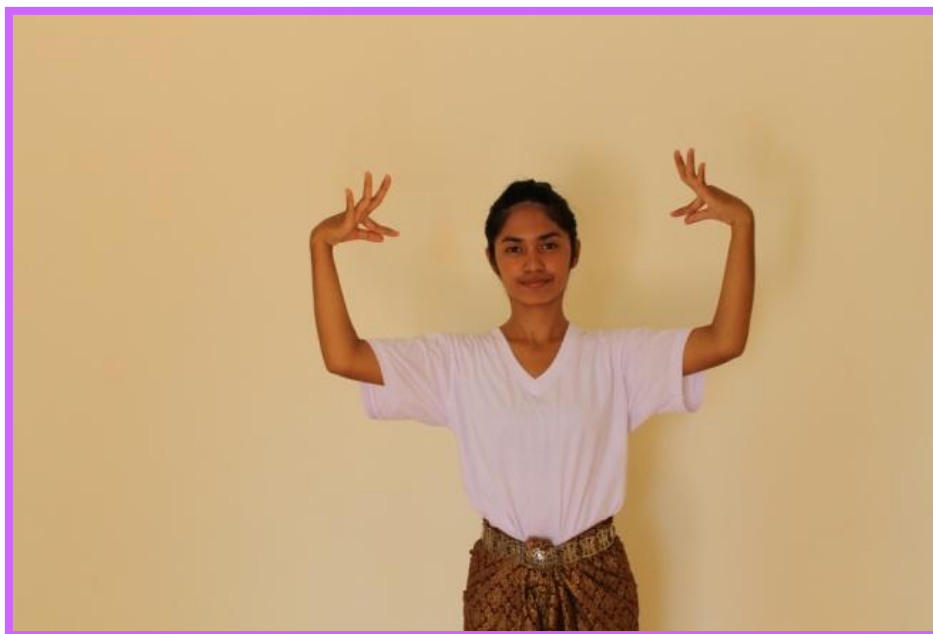
ภาพที่ 22 จีบปรกข้างตัวนาง
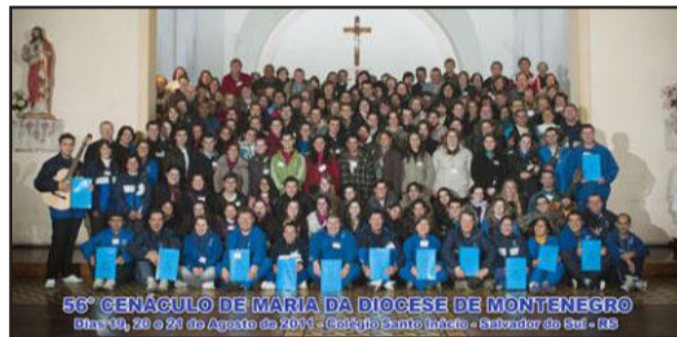
Cenáculo de Maria
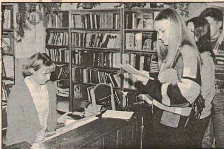
В читальном зале

Специфика педагогической практики на нашем факультете заключается прежде всего в том, что студенты уже с 1-го курса выполняют несложные исследовательские задания (определяют мотивацию учения детей, взаимоотношения в классе). На последующих курсах учебно-исследовательская работа студентов в школе усложняется. Полученные результаты обязательно используются при написании курсовых и дипломных работ. Мы стараемся приблизить тематику курсовых и дипломных к научно-исследовательской деятельности самих преподавателей. Приятно от-
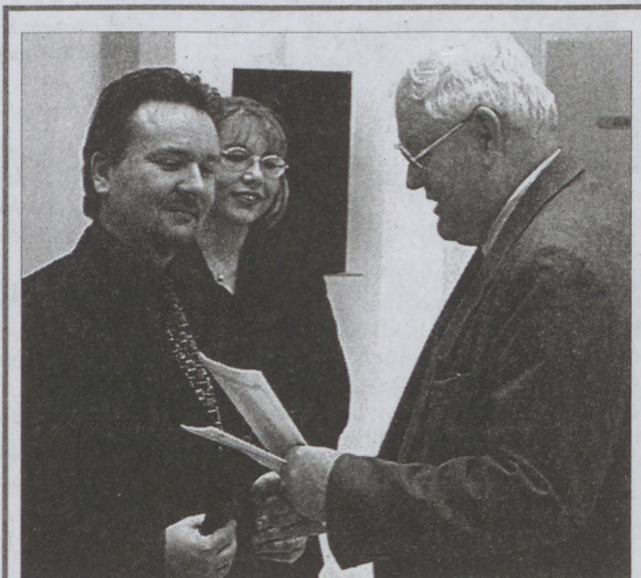
Sikerrel szerepeltek a kerület civil szervezetei a Széchenyi terv pályázatán. Lapzárta után a Városháza aulájában 34 első kerületben működő civil szervezetnek gratulált és nyújtott át oklevelet Sik Zoltán (a képen balra) informatikai kormánybiztos. Közérdekű társadalmi cél érdekében kifejtett tevékenységüket a pályázaton elnyert számítógéppel ismerte el az Informatikai Kormánybiztoság.

A délután 5-től este 10 óráig tartó közmeghallgatáson még számos kérdés szóba került, köztük sok olyan is amelynek megoldása nem tartozik az önkormányzat hatáskörébe. Ezeket a felvetéseket továbbítják a Fővárosi Önkormányzatnak, illetve az érintett hivataloknak, hatóságoknak.

ASSIGNED TASK —
Above are the records; print exactly the lines from the line with "В читальном зале" to the line with "Специфика педагогической практики", including both, and nothing else.

ANSWER —
В читальном зале

Специфика педагогической практики на нашем факультете заключается прежде всего в том, что студенты уже с 1-го курса выполняют несложные исследовательские задания (определяют мотивацию учения детей, взаимоотношения в классе). На последующих курсах учебно-исследовательская работа студентов в школе усложняется. Полученные результаты обязательно используются при написании курсовых и дипломных работ. Мы стараемся приблизить тематику курсовых и дипломных к научно-исследовательской деятельности самих преподавателей. Приятно от-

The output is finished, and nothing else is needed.